- Active: 7 February 1860–1 May 1961
- Country: United Kingdom
- Branch: Volunteer Force/Territorial Force/Territorial Army
- Role: Infantry
- Size: 1–3 Battalions
- Part of: Surrey Brigade 47th (2nd London) Division
- Garrison/HQ: Bermondsey
- Engagements: Second Boer War; World War I: Western Front; Salonika; Palestine; ; World War II: France; North Africa; Alamein; Italy; North West Europe; ;

Commanders
- Notable commanders: Samuel Bourne Bevington

= 22nd (County of London) Battalion, London Regiment (The Queen's) =

The 22nd (County of London) Battalion, London Regiment (The Queen's) was an auxiliary unit of the British Army. Formed in 1908 from Volunteer units in the Surrey suburbs of London that dated back to 1860, it was part of the London Regiment in the Territorial Force (TF). Its battalions served on the Western Front and in Palestine during World War I. When the London Regiment was abolished in 1937 the unit reverted to the Queen's Royal Regiment (West Surrey) and during World War II its battalions fought in North Africa, Tunisia, Italy and North West Europe. It was amalgamated with other battalions into the Queen's Regiment in 1961.

==Volunteer Force==
The invasion scare of 1859 led to the creation of the Volunteer Force and huge enthusiasm for joining Rifle Volunteer Corps (RVCs) composed of part-time soldiers eager to supplement the Regular British Army in time of need. Among the RVCs raised in the county of Surrey at this time were those from Bermondsey and Rotherhithe in the south-east suburbs of London:
- 10th (Bermondsey) Surrey RVC, raised as two companies on 7 February 1860
- 23rd (Rotherhithe) Surrey RVC, raised on 1 February 1861; it had two companies by 1866, increased to six by 1868.

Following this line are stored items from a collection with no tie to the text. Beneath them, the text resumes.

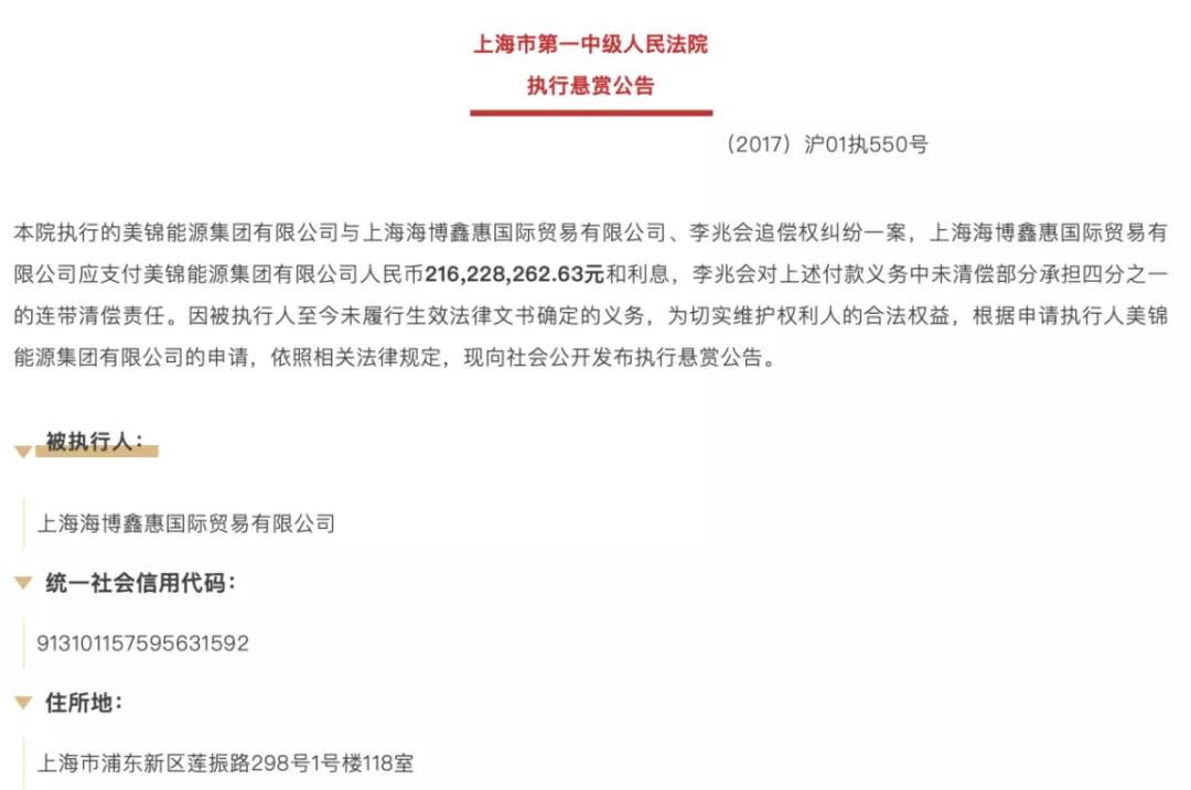 2017年3月15日,法院判决海博鑫惠向美锦公司支付代偿本息合计款2.16亿元,李兆会承担四分之一连带清偿责任。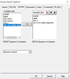 First, download the compressed Vit-n-Vivo’s mass spectral library of rubber oligomers and extract it into the NIST14\MSSEARCH\ folder. The library is in NIST format and contains mass spectra of seven rubber oligomers:
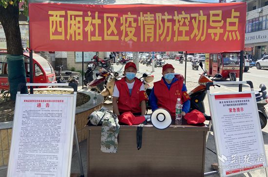 黃梅縣孔壟鎮(zhèn)西廂社區(qū)疫情防控勸導(dǎo)點在開展防疫宣傳工作。通訊員 供圖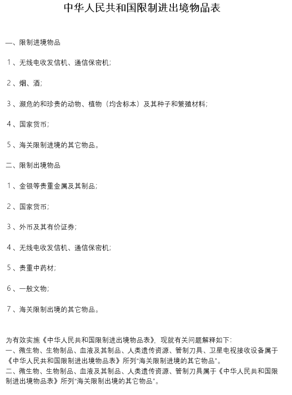 中華人民共和國限制進出境物品表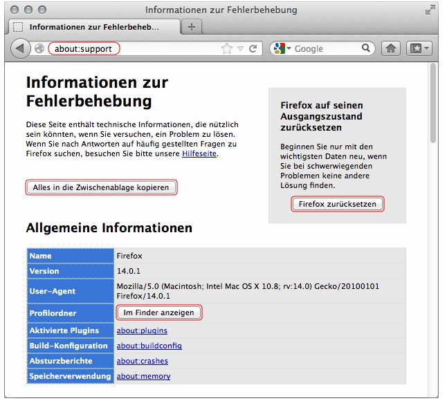 zurcksetzen von Firefox unter MAC OS 10.5.8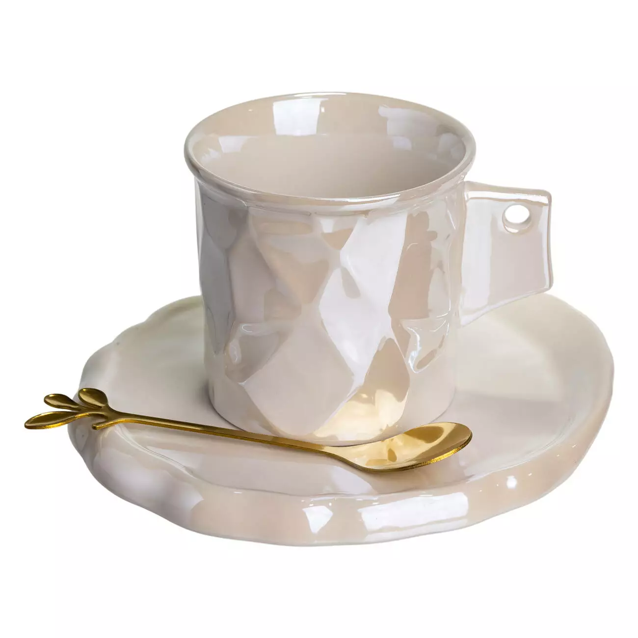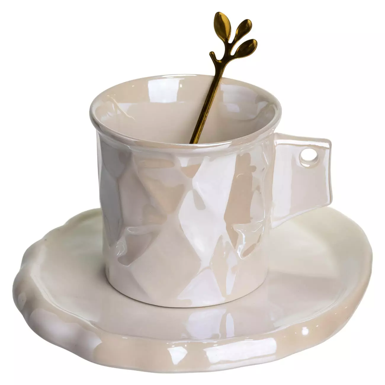 Чашка для кави порцелянова 200 мл з блюдцем і ложкою в дзеркальній глазурі, білий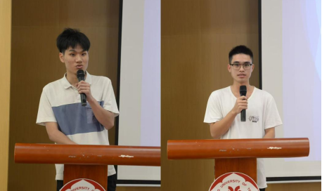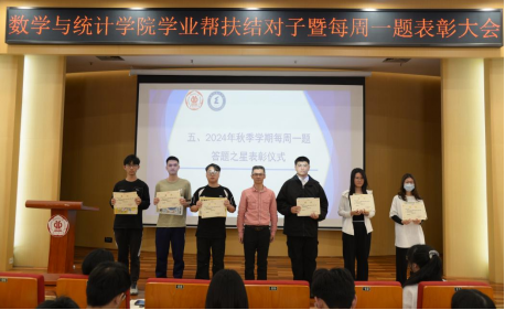 随后,学院党委林逢春副书记为参加学业帮扶计划结对子活动及“每周一题”答题活动中表现突出的学生颁发奖状奖品。其中,获得“最具成效帮扶小组”的2023级信息与计算科学1班张家耀、邱润斌同学结合自身的学习经历与与会观众进行分享交流,帮扶者结合被帮扶人的实际情况以线上线下多种形式制定帮扶计划,表示在结对帮扶的同时也巩固了自身的知识点,提升自我学习能力,收获了友谊;而被帮扶者表示在这个过程中逐步找到适合自己的学习方法,更进一步学会了管理自身的情绪与压力。他们也希望更多同学能够参与到学业帮扶结对子活动中来,一起助力学院学风建设长效发展!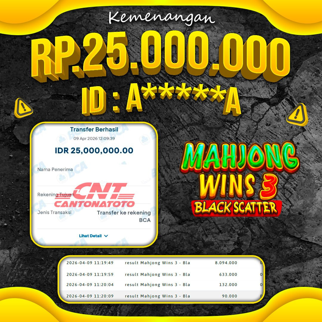 ????✨ SELAMAT UNTUK MEMBER KAMI ATAS KEMENANGAN HARI INI! BUKTI NYATA CUAN BUKAN SEKEDAR CERITA! MAIN TENANG, WD DATANG TANPA HALANGAN! TERIMA KASIH SUDAH PERCAYA BERSAMA KAMI ???? YANG BELUM IKUT, SAATNYA MENYUSUL! ❤️SEL4M4T KEPADA M3MB3R S3TIA CANTONATOTO ????TANGGAL : 09 APRIL 2026 ????USER ID : A******A ????B0 : CNTT ????M3N4NG : MAHJONG WINS 3 BLACK SCATTER ????RP. 25.000.000

These two units were attached for administrative purposes to the larger 19th (Lambeth) Surrey RVC, but on 10 October 1868 they were grouped into the 4th Administrative Battalion with its headquarters (HQ) at Bermondsey, moving to Rotherhithe the following year. Captain-Commandant James Payne of the 23rd was appointed Lieutenant-Colonel of the battalion. Samuel Bourne Bevington, a member of a leading Bermondsey industrial family, had enlisted as a Private in the 1st Surrey Rifles in 1859. He was appointed Captain-Commandant of the 10th Surrey RVC on 22 February 1868 and promoted to Major of the 4th Admin Bn under Payne's command on 17 December 1873. Payne remained commanding officer (CO) until 26 July 1884, when Bevington was promoted to succeed him. Bevington was CO of the battalion from until 1899 and later became the first mayor of the new Metropolitan Borough of Bermondsey.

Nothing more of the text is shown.